¹ Organometallic Synthesis and Catalysis Lab, Chemical Engineering Division, CSIR-National Chemical Laboratory (CSIR-NCL), Dr. Homi Bhabha Road, Pune, 411 008, India.
² Organic Chemistry Division, CSIR-National Chemical Laboratory (CSIR-NCL), Dr. Homi Bhabha Road, Pune, 411 008, India.
³ Academy of Scientific and Innovative Research (AcSIR), Ghaziabad, 201 002, India.

PMID: 34817131
DOI: 10.1002/asia.202101208

Abstract

Nickel-catalyzed enantioselective hydrogenation of enamines leading to the efficient synthesis of 3-R-Boc-amino-4-(2,4,5-trifluorophenyl)butyric esters, the key intermediate of the blockbuster antidiabetic drug (R)-SITAGLIPTIN, is described.
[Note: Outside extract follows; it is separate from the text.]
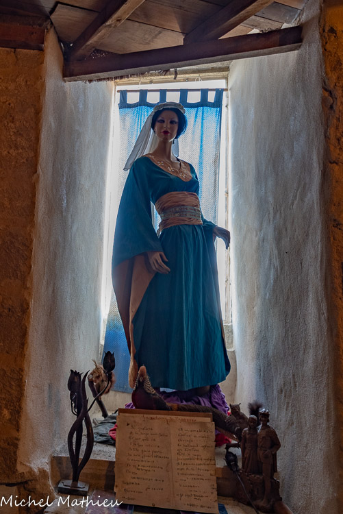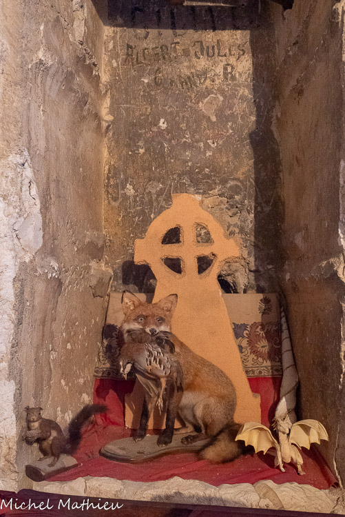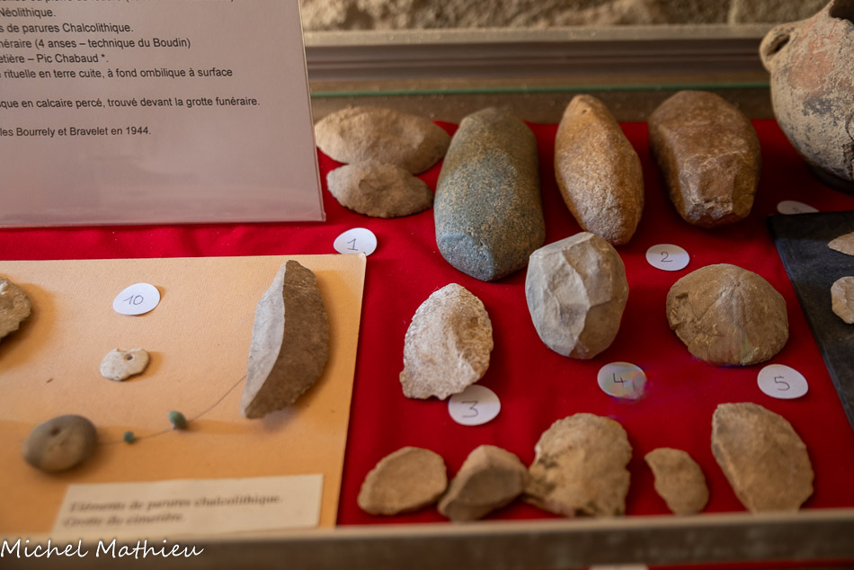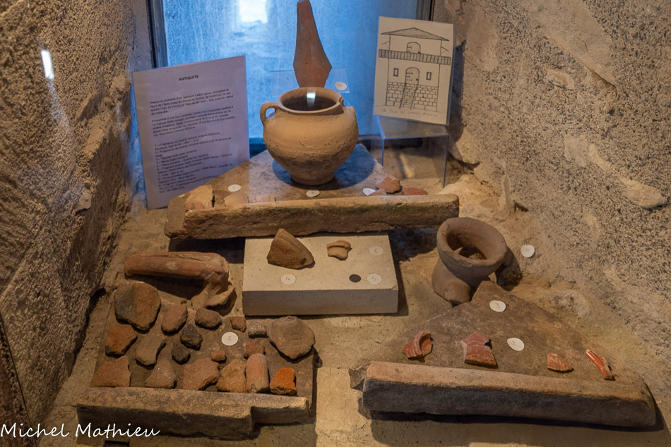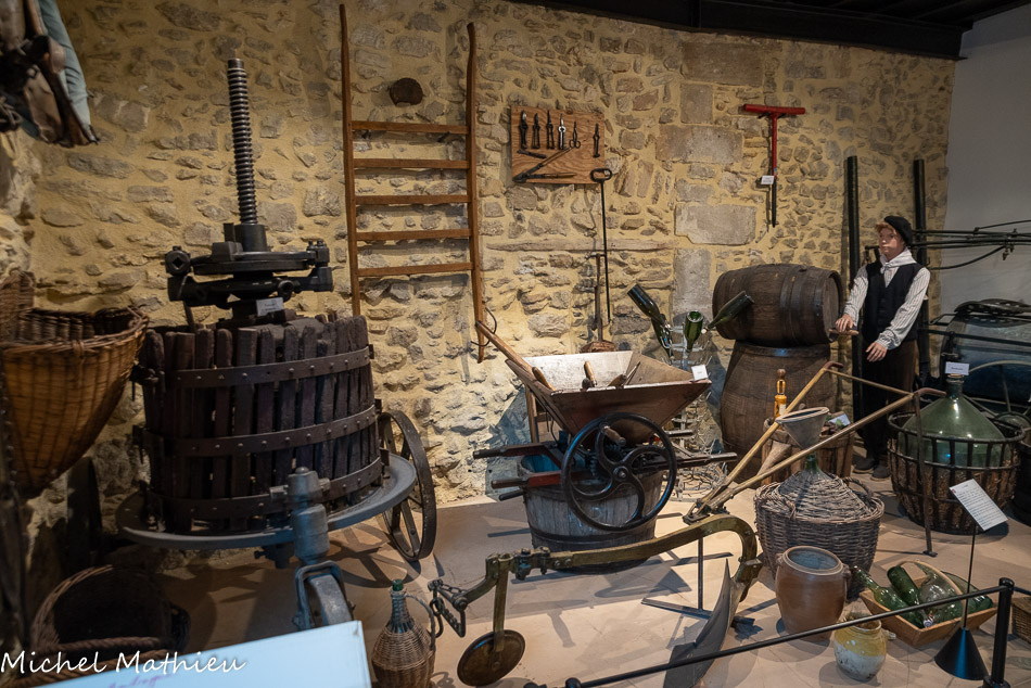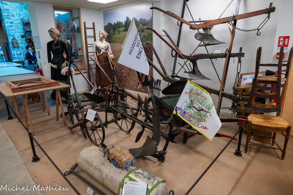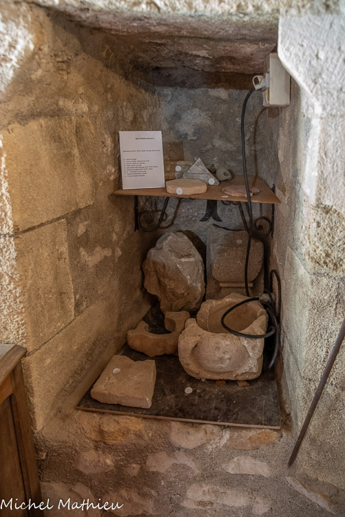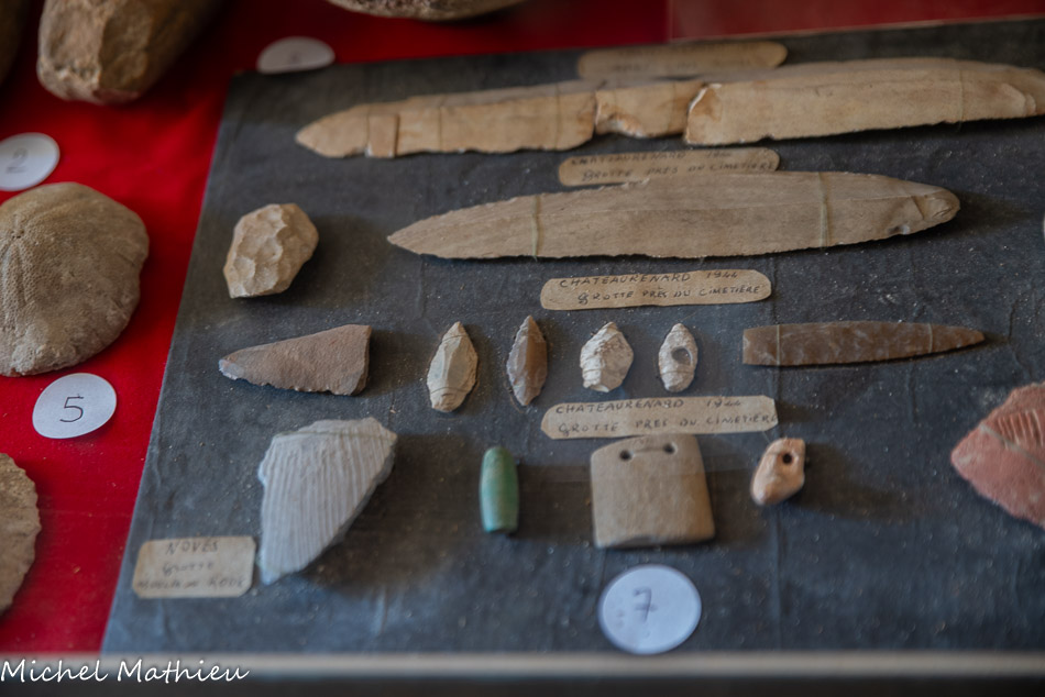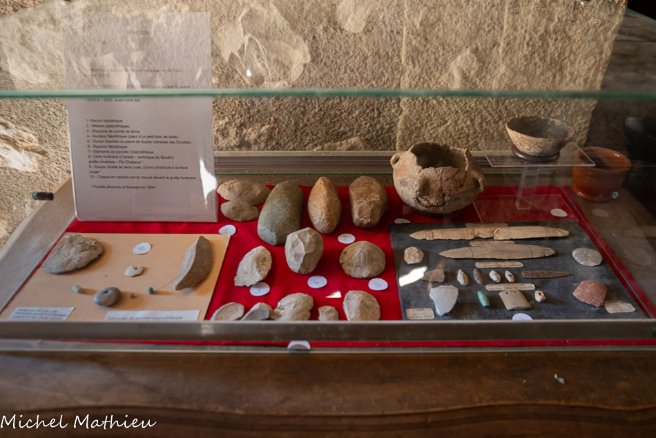 L’abri préhistorique. Il y a environ 4000 ans vivaient dans ces zones de collines et de marécages des populations de la fin du Néolithique. Ces agriculteurs et éleveurs disposaient d’abris provisoires. Ils exploitaient des nodules de silex cérébroïdes que l’on trouve dans la roche calcaire. On faisait des lames, des racloirs, des pointes de flèches dans cet abri reconstitué. Il est situé près d’une source et protégé du vent. Notons que ce lieu est éclairé et réchauffé par la lumière du jour naissant, symbole de vie.
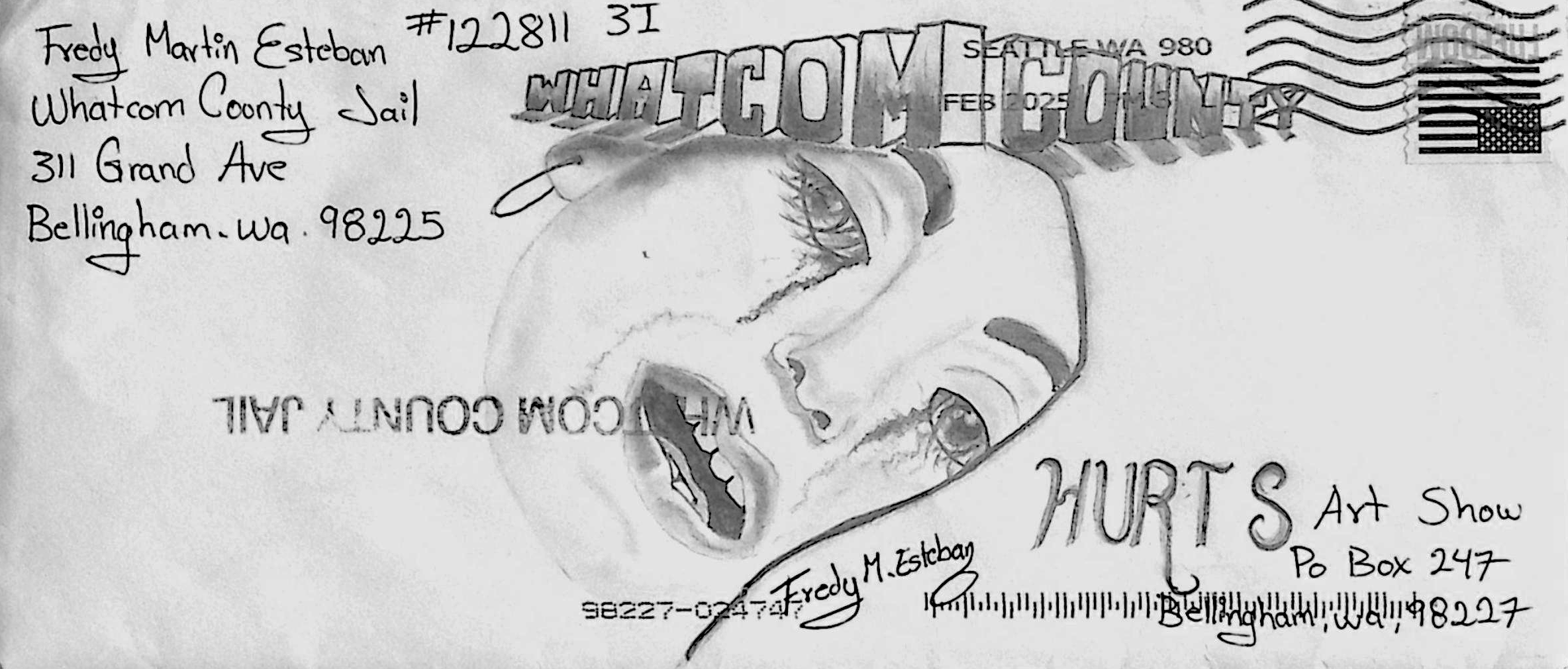 Previous Image Next Image “Whatcom County Hurts” by Fredy Martin Esteban $30 “Whatcom County Hurts” by Fredy Martin Esteban $30 Graphite on envelope 9.5×4″

The sitagliptin motifs were isolated in more than 99% yield and with 75-92% ee using the earth-abundant nickel catalyst. Upon chiral resolution with (R)- and (S)-1-phenylethylamines, the partially enantioenriched (R)- and (S)-Boc-3-amino-4-(2,4,5-trifluorophenyl)butanoic acids provided >99.5% ee of the crucial sitagliptin intermediate. The asymmetric hydrogenation protocol was scaled up to 10 g with consistency in yield and ee, and has been reproduced in multiple batches.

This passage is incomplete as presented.